Spatiotemporal processes commonly exist in manufacturing. Modeling and monitoring such processes are crucial for ensuring high-quality production. For example, ultrasonic metal welding is an important industrial-scale joining technique with wide applications. The surfaces of ultrasonic welding tools evolve in both spatial and temporal domains, resulting in a spatiotemporal process. Close monitoring of tool surface progression is imperative since degraded tools often lead to low-quality joints. However, it is generally expensive and time-consuming to acquire fine-scale surface measurement data, which is not economically viable. This paper develops a multi-task learning method to enable data-efficient spatiotemporal modeling. A Gaussian process-based hierarchical Bayesian inference structure is constructed to transfer knowledge among multiple similar-but-not-identical measurement tasks. Meanwhile, a spatiotemporal kernel is developed based on squared sine exponential damping (SSED) function to characterize the periodic trend of anvil surfaces. The proposed method is able to improve interpolation accuracy using limited measurement data compared with state-of-the-art techniques. Data collected from lithium-ion battery production are employed to demonstrate the effectiveness of the proposed method. Additionally, the influence of training data size and hyperparameter selection on the modeling performance is systematically investigated.
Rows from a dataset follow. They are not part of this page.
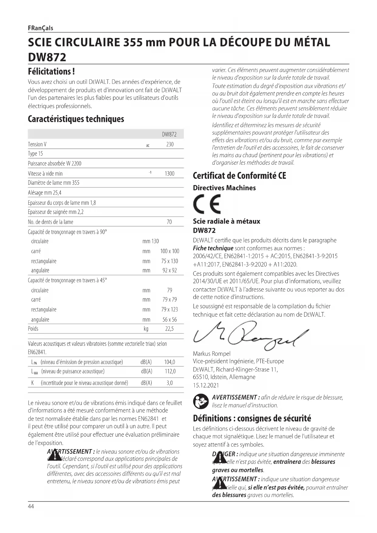Définitions : consignes de sécurité Les définitions ci-dessous décrivent le niveau de gravité de chaque mot signalétique. Lisez le manuel de l’utilisateur et soyez attentif à cessymboles. DANGER : indique une situation dangereuse imminente qui, si elle n’est pas évitée, entraînera des blessures graves oumortelles. AVERTISSEMENT : indique une situation dangereuse potentielle qui, si elle n’est pas évitée, pourrait entraîner des blessures graves oumortelles. Certificat de Conformité CE Directives Machines Scie radiale à métaux DW872 DeWALT certifie que les produits décrits dans le paragraphe Fiche technique sont conformes aux normes: 2006/42/CE, EN62841-1:2015 + AC:2015, EN62841-3-9:2015 +A11:2017, EN62841-3-9:2020 + A11:2020.Ces produits sont également compatibles avec les Directives 2014/30/UE et 2011/65/UE. Pour plus d’informations, veuillez contacter DeWALT à l’adresse suivante ou vous reporter au dos de cette notice d’instructions.Le soussigné est responsable de la compilation du fichier technique et fait cette déclaration au nom deDeWALT.Markus Rompel Vice-président Ingénierie, PTE-Europe DeWALT, Richard-Klinger-Strase 11, 65510, Idstein, Allemagne 15.12.2021Le niveau sonore et/ou de vibrations émis indiqué dans ce feuillet d'informations a été mesuré conformément à une méthode de test normalisée établie dans par les normes EN62841
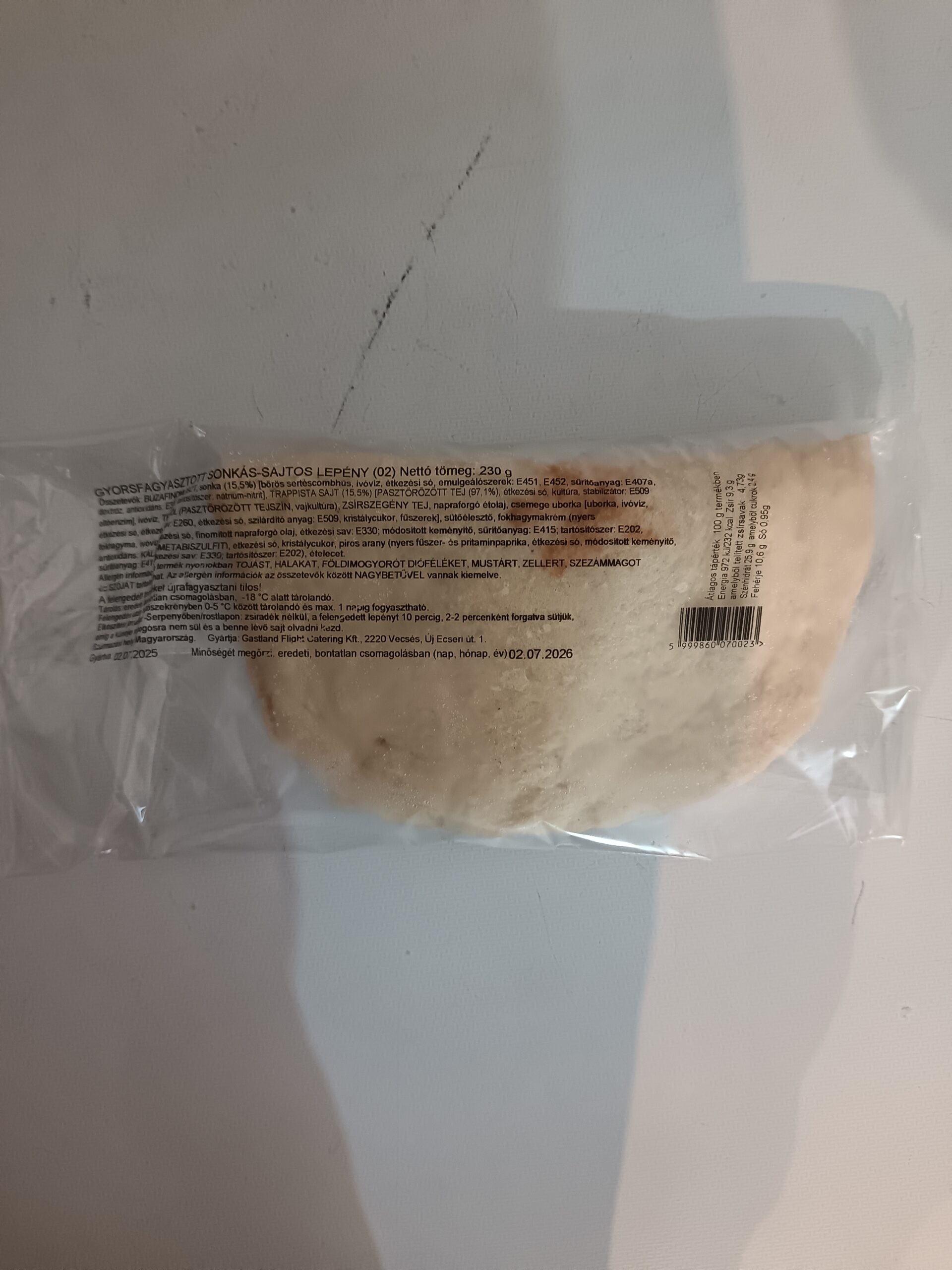 Tárolás -18 Celsius fokon.”
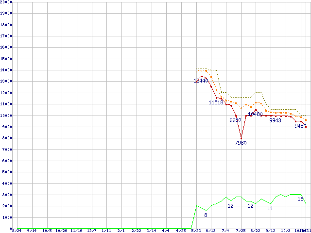 ※このグラフは過去のデータも税率5%相当に調整した税込み相当額のグラフです。 税率変更や、総額表示方式導入(2004年4月)の影響は除いています。 | | | ●凡例 | 最安値 (点線部は販売店未確認 または未調査) | 平均値 | 最高値 | ショップ数 |
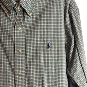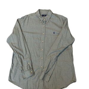 Ralph Lauren Men XL Gingham Small Windowpane Olive Button Down Longsleeve plaid

时空过程通常存在于制造业中。对此类过程进行建模和监视对于确保高质量生产至关重要。例如，超声波金属焊接是一种具有广泛应用的重要工业规模的连接技术。超声焊接工具的表面在时域和时域上均发生变化，从而导致时空过程。必须严格监控工具表面的进展，因为退化的工具通常会导致接头质量低下。然而，获取精细规模的表面测量数据通常是昂贵且费时的，这在经济上是不可行的。本文开发了一种多任务学习方法，以实现数据有效的时空建模。构造了基于高斯过程的层次贝叶斯推理结构，以在多个相似但不相同的测量任务之间传递知识。同时，基于平方正弦指数阻尼（SSED）函数开发了时空内核，以描述砧面的周期性趋势。与最新技术相比，该方法能够使用有限的测量数据来提高插值精度。从锂离子电池生产中收集的数据用于证明所提出方法的有效性。此外，系统地研究了训练数据大小和超参数选择对建模性能的影响。基于平方正弦指数阻尼（SSED）函数开发了时空内核，以表征砧面的周期性趋势。与最新技术相比，该方法能够使用有限的测量数据来提高插值精度。从锂离子电池生产中收集的数据用于证明所提出方法的有效性。此外，系统地研究了训练数据大小和超参数选择对建模性能的影响。基于平方正弦指数阻尼（SSED）函数开发了时空内核，以表征砧面的周期性趋势。与最新技术相比，该方法能够使用有限的测量数据来提高插值精度。从锂离子电池生产中收集的数据用于证明所提出方法的有效性。此外，系统地研究了训练数据大小和超参数选择对建模性能的影响。